Note that $\omega$ is tangent to the extensions of $AD,AE,EP,DP$. So $AD+DP=AE+EP$. Let $\omega'$ tangents $DE$ at $Y$, $\omega$ tangents $BC$ at $X$. Then $DY-YE=EP-PD$. This means that the excircle $s$ of $\triangle DPE$ opposite $P$ is tangent to $DE$ at $Y$. Note that $\omega,s$ are homothetic about $P$, so $X,P,Y$ are collinear. Similarly $X,Q,Y$ are collinear. Thus $PQ$ passes through the fixed point $X$. This is quite similar to IMO 08 Q6 actually...

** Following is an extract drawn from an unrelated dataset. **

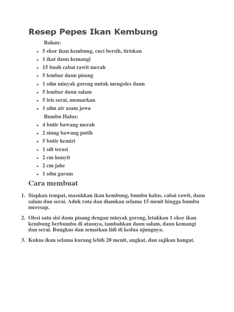 Kuahnya terasa segar dan harum dengan daun kemangi di dalamnya. Resep ikan kukus kuah asam pedas resep yang satu ini bakal meningkatkan selera makan kita lho,,, karena perpaduan rasa. Resep ikan gembung bakar teflon enaknya mintak apun. Selain memiliki banyak kandungan vitamin, cita rasa hewan ini juga sangat lezat dan bikin nagih. Sensasi pedas yang menyegarkan pada. 600 gram atau 3 ekor ikan kembung, bersihkan, cuci,tambahkan air jeruk nipis dan sedikit garam asam jawa dan air lemon secukupnya. Simak daftar obat asam lambung di apotek yang kondisi ini dapat menimbulkan gejala maag, mulai dari perut mulas, kembung, mual, panas di dada pilihan obat asam lambung naik tanpa resep di apotek. Simpan ke bagian favorit tersimpan di bagian favorit. Tumbuk halus kunyit, jahe, bawang merah, bawang putih. Masak sampai bumbu meresap dan jangan lupa koreksi rasa. Resep ikan kembung bakar dengan menggunakan bumbu bumbu sederhana. Resep pesmol ikan kembung, resep dan cara membuat masakan ikan kembung bumbu pesmol yang enak dan sedap. Ikan kembung kukus, satu resep yang menyehatkan namun dengan kelezatan yang tidak kalah dengan masakan lainnya.
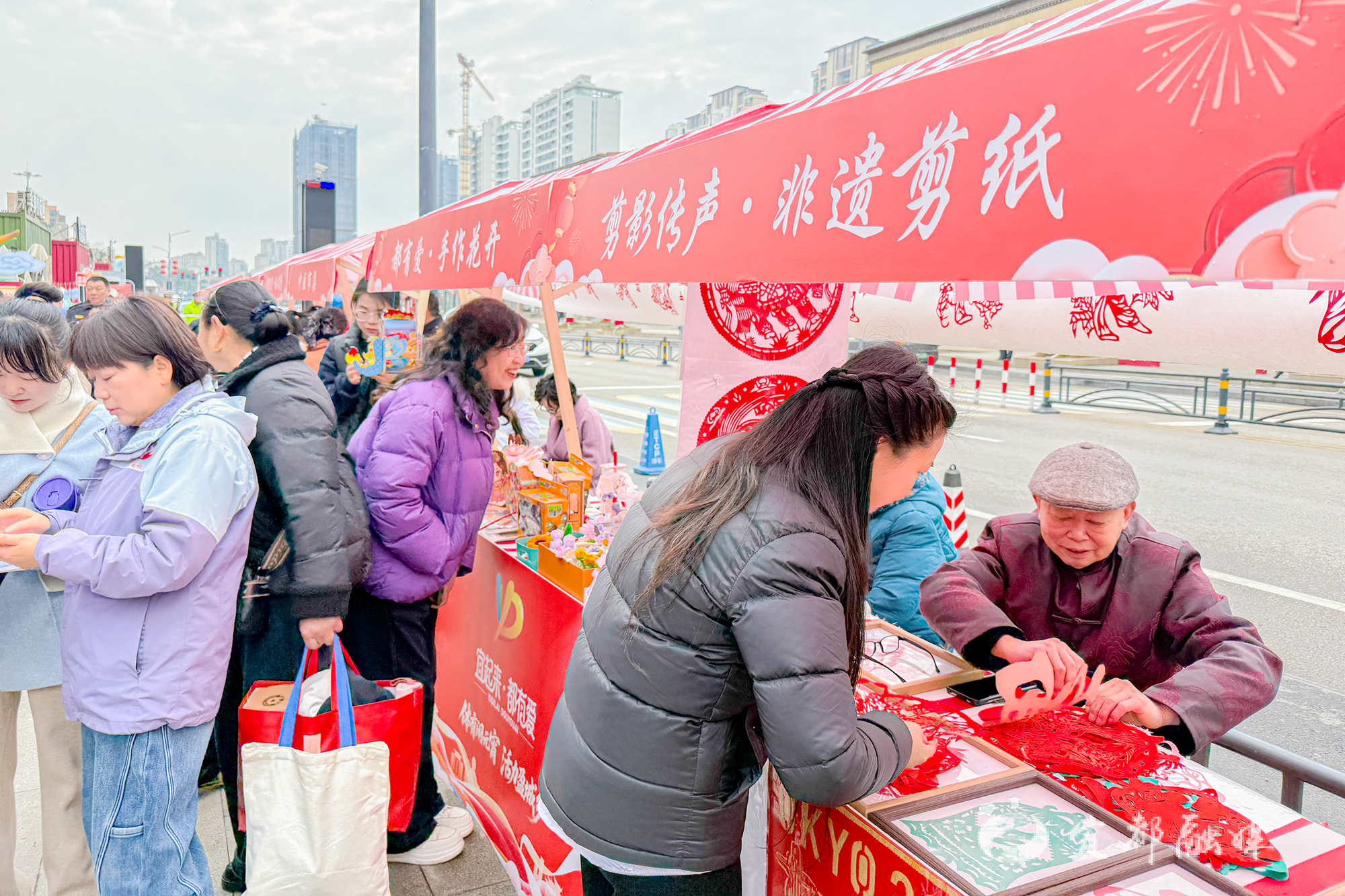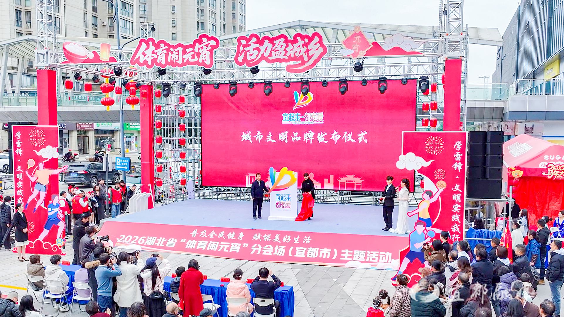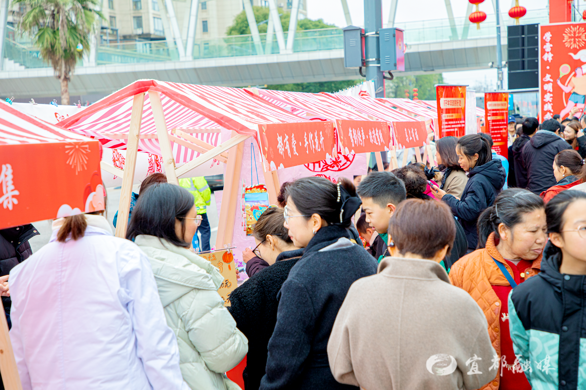 活动现场同步开设了“宜起来·都有爱”文明市集。市民在元宵福袋制作、健康义诊、科学健身指导等16个文明实践志愿服务展位中感受节日温暖,体会城市温度。

I don't know if the following is actually solution, so someone please check. First we se that map $\pi: D\mapsto E$ is projective from line $AB$ to line $AC$. A map $\pi _E$ which takes $E$ to it's tangent $EP$ on $\omega $ and map $\pi _D$ which takes $D$ to tangent $DP$ are both projective. Thus composition $\pi ' = \pi _E\circ \pi \circ \pi _D^{-1}$ is also projective and takes line $DP$ to line $EP$. So $P$ must be on some fixed conic (or line) $\mathcal{C}_1$. It's obviously that $BQ|| EP$ and $CQ|| DP$, so map $CQ \mapsto BQ$ is also projective and thus $Q$ must also be on some fixed conic (or line) $\mathcal{C}_2$. Now let $\omega $ touch $BC$ at $F$ and let $\omega' $ touch $BC$ at $G$. Also let $B'C'$ be parallel tangent on $\omega$ to $BC$. If $E =C$ we see $P=F$ (and $Q = G$) and if $E = C'$ we see $Q = F$. So $F$ is on both $\mathcal{C}_1$ and $\mathcal{C}_2$ so map $\rho: P\mapsto Q$ is also projective from $\mathcal{C}_1$ to $\mathcal{C}_2$. Now if $E= A$ then $Q=P =A$ and so $P,Q$ and $G$ are collinear; and if $P=F$ then $Q=G$ so $P,Q$ and $G$ are again collinear, thus $QP$ always passes through point $G$.